Stored records:
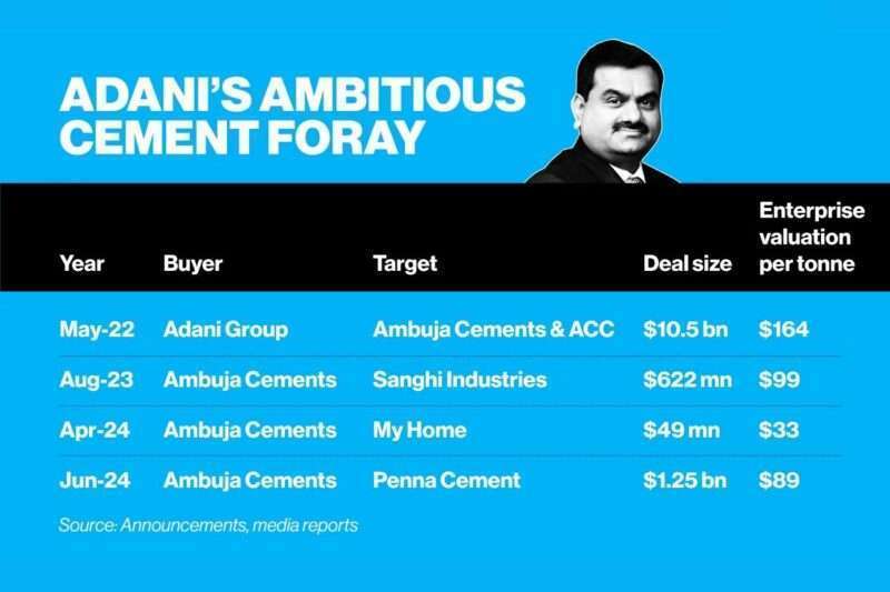 In 2022, the Adani Group joined the cement market by acquiring assets from Ambuja Cements and ACC. It helped the group become the second-largest cement firm in India, with market share of 14% and a capacity of 79 MPTA (millions of tonnes per year). The latest acquisition, Penna Cement, will expand capacity to 89 MTPA. According to Ambuja’s filing, the Adani Group expects an installed capacity of 100 MTPA by 2026 and 140 MTPA by 2028.
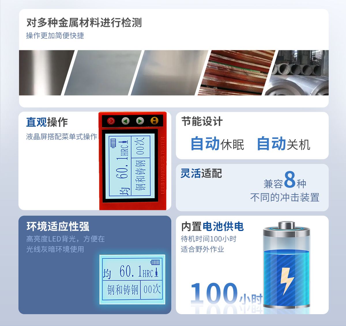 ● 依據(jù)里氏硬度測量原理,可以對多種金屬材料進行檢測,測值準(zhǔn)確穩(wěn)定;
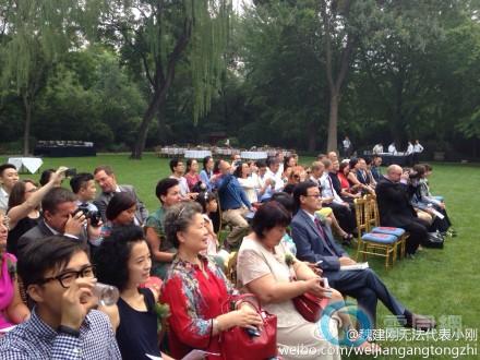 英国驻华大使府邸内举行婚礼的草坪,两人邀请了数十名亲友见证婚礼
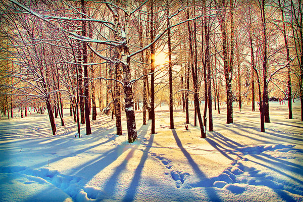 И тени посинели на снегу.
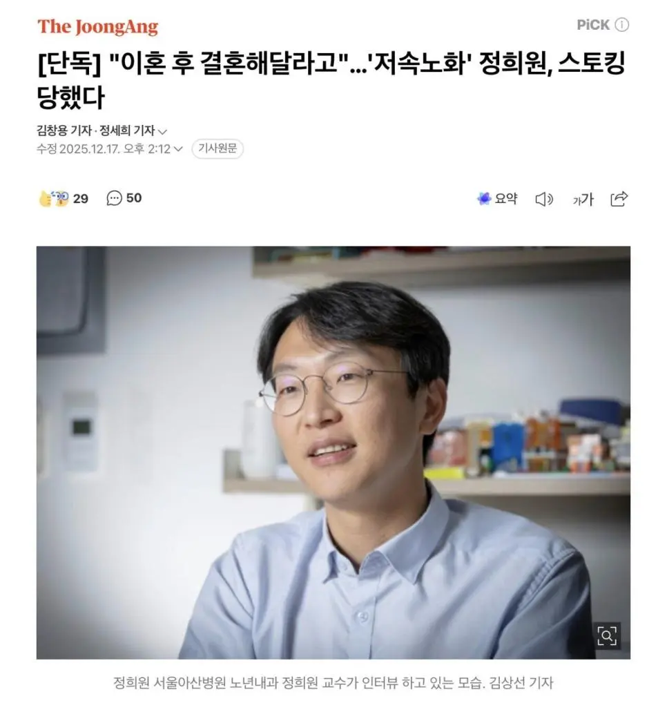 "이혼 후 결혼해달라고"…'저속노화' 정희원, 스토킹 당했다
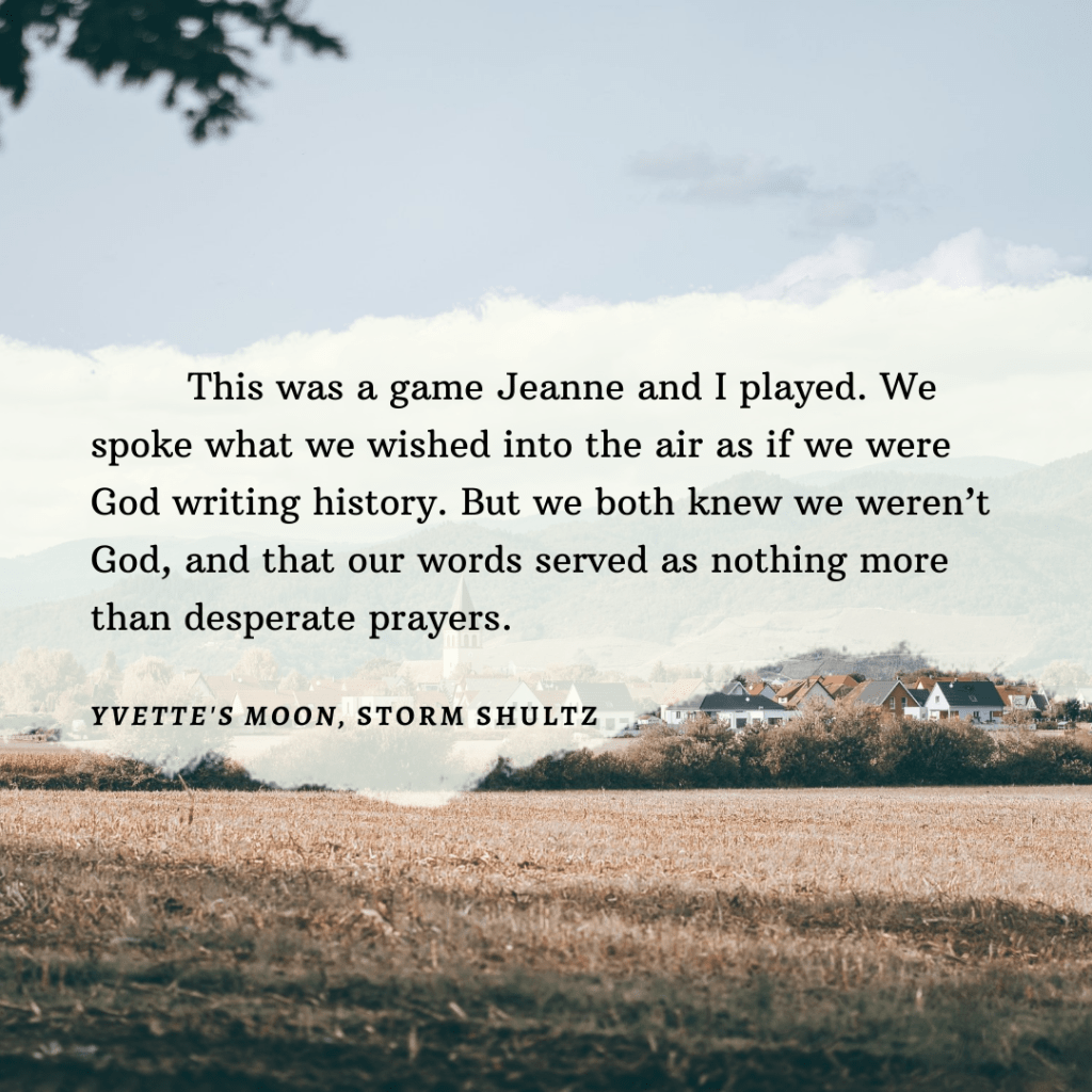 Five years later, a knock at the door makes Yvette believe all her prayers have been answered. But instead of finding her Henri, she finds a German Kommandant. Now Yvette must decide how to honor God, her husband, and her country as she grapples with a decision that will change her life.” – Yvette’s Moon, Storm Shultz
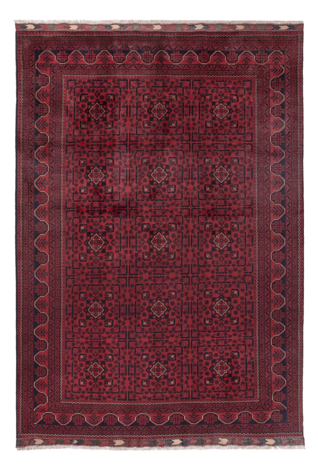 Der wunderschöne Afghan Teppich – Kunduz ist ein echter Khal Mohammadi und begeistert durch seine satten Farben und die atemberaubende Musterung. Diese Teppiche werden in Afghanistan auf Dörfern und in Werkstätten von Hand geknüpft. Afghan Teppiche sind wegen ihrer schönen roten Farbschattierung berühmt. Einige Hauptmerkmale dieser Teppiche sind die wiederkehrenden Hexagone, die Rauten, die Yomut-Motive und das Muster, das mit einem Elefanten Fußabdruck gleicht. Die Wolle ist weich und damit sehr strapazierfähig. Oftmals wirkt die Wolle leicht glänzend. Seine Qualität überzeugt jeden Liebhaber orientalischer Teppiche. Ein schöner Teppich, der seinen Preis absolut wert ist.
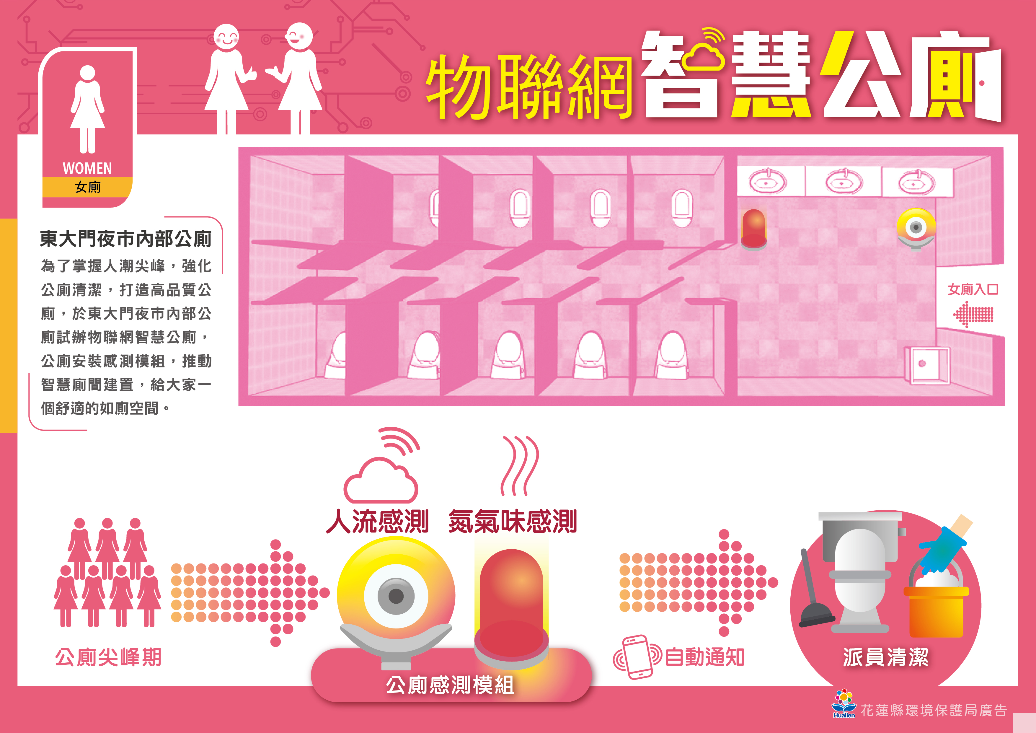 環保局表示,今年以「智慧城市、永續花蓮」為年度施政目標在七星潭、花蓮火車站與東大門夜市三處導入智慧系統,監測公廁「人流數量」、「異味」並回報,尤其在花蓮火車站三樓男廁與多功能廁所更能檢測「剩餘廁紙的百分比」。引入智慧廁間,即是希望透過科技來解決難以處理的公廁問題:「瞬間猛爆性人流使用後的公廁髒亂」,並以此帶給鄉親更乾淨友善的如廁環境。
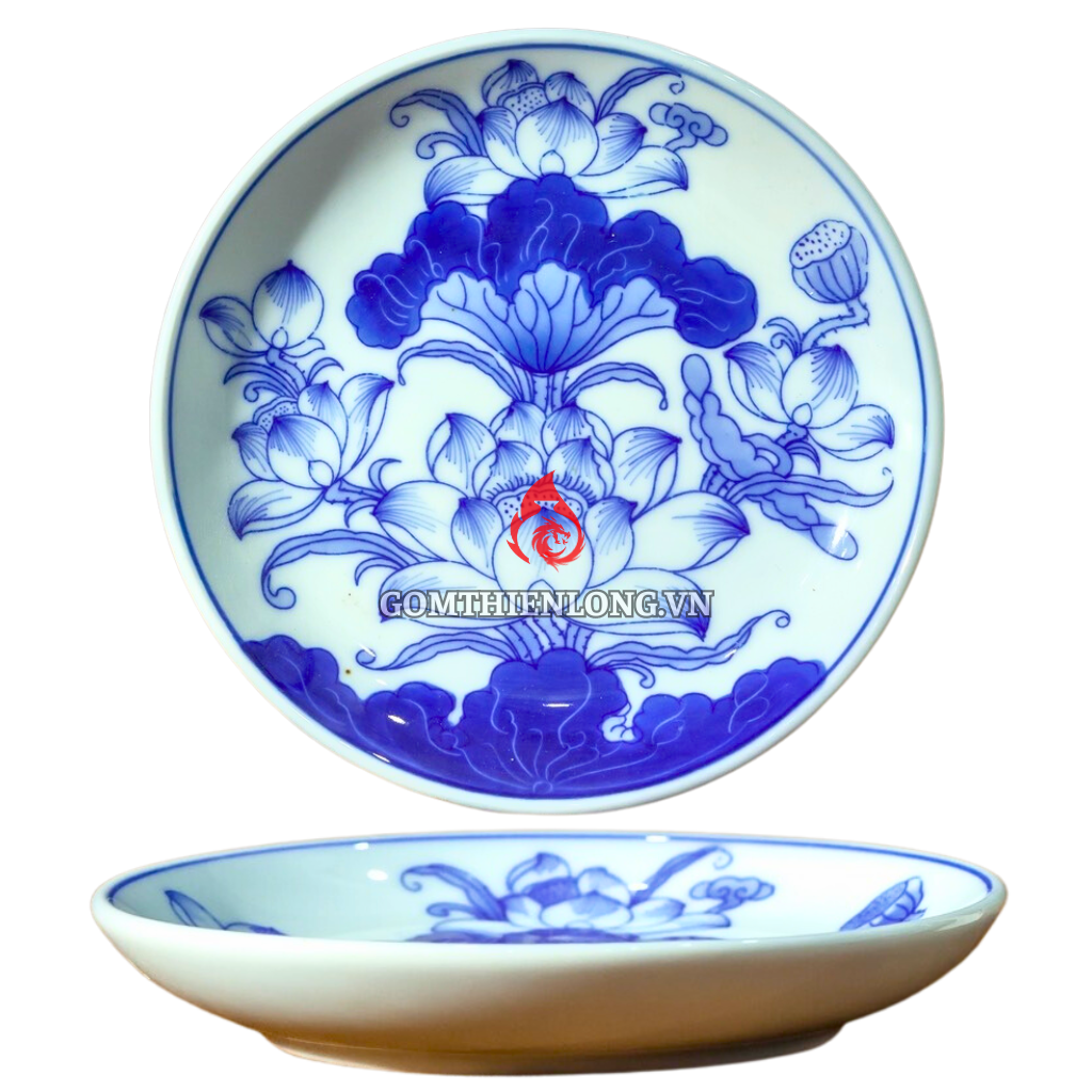 Mâm Bồng Sứ Bát Tràng Men Lam Vẽ Hoa Sen 231108
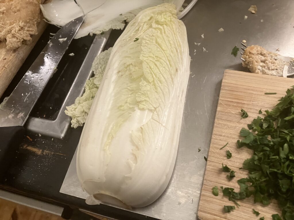 Salz zum Chinakohl geben und so lange kneten, bis Wasser austritt
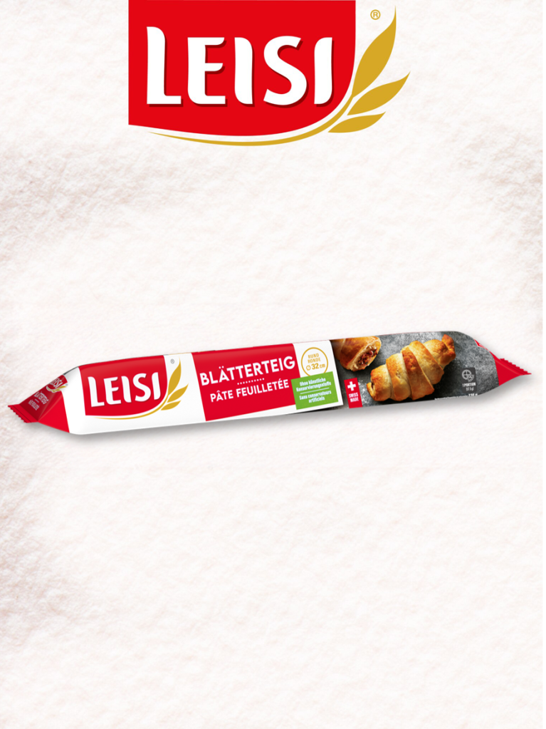 Découvrez la pâte feuilletée LEISI – une pâte ronde de 230 g, Ø 32 cm, certifiée vegan, sans conservateurs artificiels et composée de 196 couches légères et croustillantes. Cette pâte feuilletée est idéale pour sublimer vos créations culinaires, qu'elles soient sucrées ou salées.

Task to carry out: Print exactly, and print only, the lines from the line with "英国驻华大使府邸内举行婚礼的草坪,两人邀请了数十名亲友见证婚礼" through the last line of the entries, both ends included. No pictures belong in the result.

Answer section:
 英国驻华大使府邸内举行婚礼的草坪,两人邀请了数十名亲友见证婚礼
 И тени посинели на снегу.
 "이혼 후 결혼해달라고"…'저속노화' 정희원, 스토킹 당했다
 Five years later, a knock at the door makes Yvette believe all her prayers have been answered. But instead of finding her Henri, she finds a German Kommandant. Now Yvette must decide how to honor God, her husband, and her country as she grapples with a decision that will change her life.” – Yvette’s Moon, Storm Shultz
 Der wunderschöne Afghan Teppich – Kunduz ist ein echter Khal Mohammadi und begeistert durch seine satten Farben und die atemberaubende Musterung. Diese Teppiche werden in Afghanistan auf Dörfern und in Werkstätten von Hand geknüpft. Afghan Teppiche sind wegen ihrer schönen roten Farbschattierung berühmt. Einige Hauptmerkmale dieser Teppiche sind die wiederkehrenden Hexagone, die Rauten, die Yomut-Motive und das Muster, das mit einem Elefanten Fußabdruck gleicht. Die Wolle ist weich und damit sehr strapazierfähig. Oftmals wirkt die Wolle leicht glänzend. Seine Qualität überzeugt jeden Liebhaber orientalischer Teppiche. Ein schöner Teppich, der seinen Preis absolut wert ist.
 環保局表示,今年以「智慧城市、永續花蓮」為年度施政目標在七星潭、花蓮火車站與東大門夜市三處導入智慧系統,監測公廁「人流數量」、「異味」並回報,尤其在花蓮火車站三樓男廁與多功能廁所更能檢測「剩餘廁紙的百分比」。引入智慧廁間,即是希望透過科技來解決難以處理的公廁問題:「瞬間猛爆性人流使用後的公廁髒亂」,並以此帶給鄉親更乾淨友善的如廁環境。
 Mâm Bồng Sứ Bát Tràng Men Lam Vẽ Hoa Sen 231108
 Salz zum Chinakohl geben und so lange kneten, bis Wasser austritt
 Découvrez la pâte feuilletée LEISI – une pâte ronde de 230 g, Ø 32 cm, certifiée vegan, sans conservateurs artificiels et composée de 196 couches légères et croustillantes. Cette pâte feuilletée est idéale pour sublimer vos créations culinaires, qu'elles soient sucrées ou salées.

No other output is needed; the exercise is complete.